• The Cycling News forum is still looking to add volunteer moderators with. If you're interested in helping keep our discussions on track, send a direct message to @SHaines here on the forum, or use the Contact Us form to message the Community Team.

    In the meanwhile, please use the Report option if you see a post that doesn't fit within the forum rules.

    Thanks!

one of the reasons why superstar athletes still in their prime might use rec. drug(s)

From VeloNation:

With all of his victories though, even joining the likes of Museeuw and Eric Leman on three Ronde’s, his third victory does not compare to his first; where his excitement was such that he committed the cardinal sin of forgetting to zip up his jersey to show off his sponsor’s name.

I am super happy for me and the team,” said Boonen. “But when I compare this happiness with the happiness for the victory I had the first time, it isn't the same. That was really a great moment and that feeling is something that has never come back.

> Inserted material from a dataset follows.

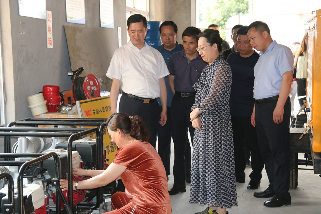 2022年5月25日下午5时,泰兴市市委副书记张红霞带领相关部门、街道负责人一行来到我公司检查城区的防汛物资仓库。

This is just an anecdotal observation and not meant to imply or suggest any great pattern or insight, but...
 
Jun 18, 2009
1,225
1
0
Umm...welcome to life, Joe!

If this were something that drove people to recreational drugs, then pretty much the entirety of the world's population would be using drugs! I'm not judging, mind you. If folks want to use recreational drugs, that's there business as long as that use doesn't end up impacting those around them or society as whole (sometimes it doesn't, often times it does).

Things are just never all that exciting when you actually attain them. It's the struggle for achievement that really matters, and it's also the reason why most people who achieve things through doping will never really have much of a level of satisfaction with their achievements. You're old enough, you should realize this by now!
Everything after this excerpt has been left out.